I cannot comment on writes, but I can push over 300MB/s reads on a cluster with 3 nodes, 4 SS/disk (2 disks), + 2 stateless + 1 TLog/disk

You should be easily able to achieve those writes with 3-5 nodes, and a dedicated TLog disk.

The reason to split is when you get after a certain point, you can’t keep a good chunk of the roles on a tight cluster of nodes, and it is more performant to split in that case.

This is performance, cost, and reliability. You can compensate for the lack of RAID with a higher replication factor; this is also better as the probability of failures looks like single node single disk > single node all disks > multi node single disks

Many things like PSU/power failures, kernel state corruption, or hardware issues could mean your disk is dead or otherwise corrupted with junk.

Cost is obviously better as instead of doing double with RAID 1 (4 disks) you can do triple with no RAID for much cheaper (3 disks).

Performance is better as well, because if one disk experiences worse performance, it only impacts SSes on that disk instead of all SSes sharing a RAID.

TLogs cannot benefit from RAID 0, it is primarily sequential-write-only (not a lot) with fsyncs being the main bottleneck. They benefit from enterprise drives more which have good fsync performance due to PLP.
RAID 0 could even bottleneck it more, as the fsync time on a RAID 0 is the highest of both disks.

You need 1 core for a stateless process, it is the highest it can use. Do not count HT “cores”, though keep HT on as there is the kernel + some background processes.

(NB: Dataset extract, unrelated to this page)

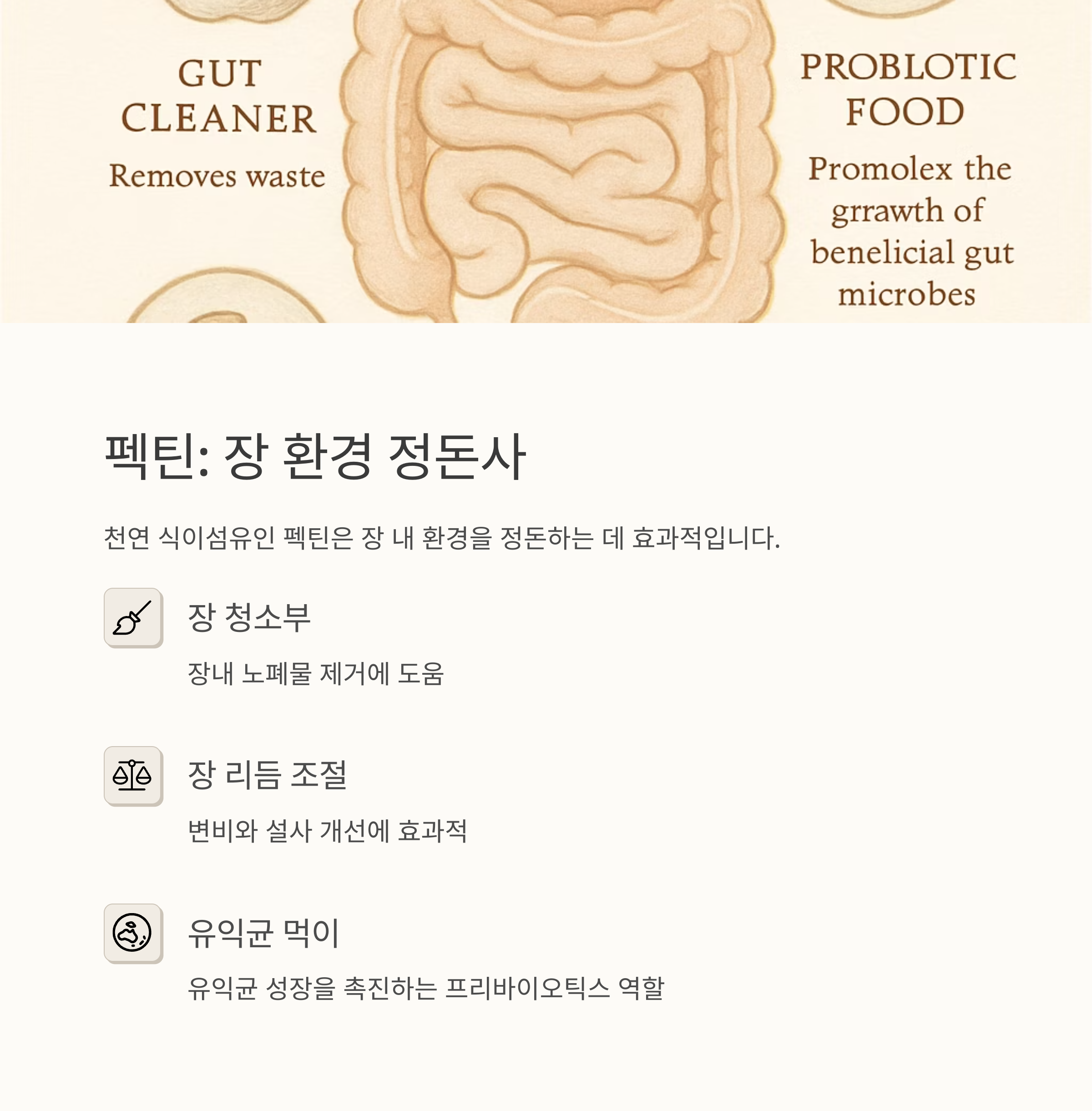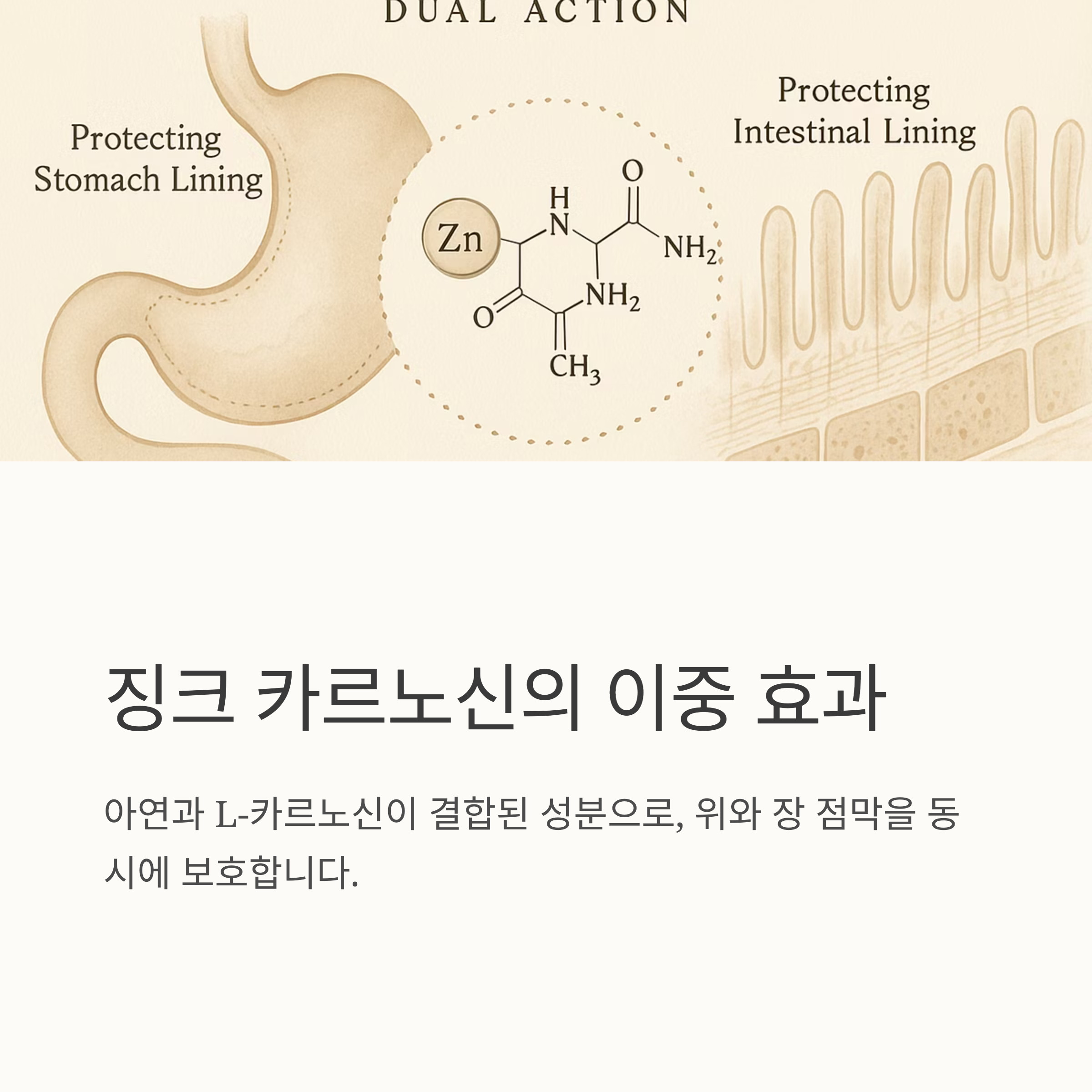 펙틴은 천연 식이섬유로, 장 내 환경을 정돈하는 데 효과적이에요. 장이 자주 더부룩하거나 변비, 설사가 반복되는 분들에게 딱이죠! 그리고 징크 카르노신은 아연과 L-카르노신이 결합된 성분으로, 위와 장 점막을 동시에 보호해준대요. 위염이나 장염으로 고생하는 분들에게 좋을 것 같아요.

Yes. This is influenced by:

  • cache size
  • your storage engine (Redwood keeps a bunch of data in-memory)
  • your KV area size (byte sample)
  • your write throughput. The storage server has to keep in memory all transactions in the last 5 seconds to allow reading from old versions.

You should not share TLog disks with SS unless you have a low writes-per-read ratio and you are in a small cluster. (This is why I do it)

FDB already batches I/O to some extent. It is best to tune the amount of SSes depending on your load.
If you experience a very high run loop utilization on your SSes, try seeing if you can get higher performance by adding another SS to a disk disk, if it overall can process more, good, if it can’t, that is the saturaiton point.
For many new enterprise NVMes with Redwood, 4 works pretty well.

Redwood as a storage engine is currently unmaintained but it is stable. It can achieve very high range clear throughput, and the highest read performance, along with being somewhat good at compressing common prefixes.

RocksDB, being an LSM-based design, is not as good at range reads. It mostly has benefits in terms of storage usage efficiency if you want to squeeze every last GB.

1 Like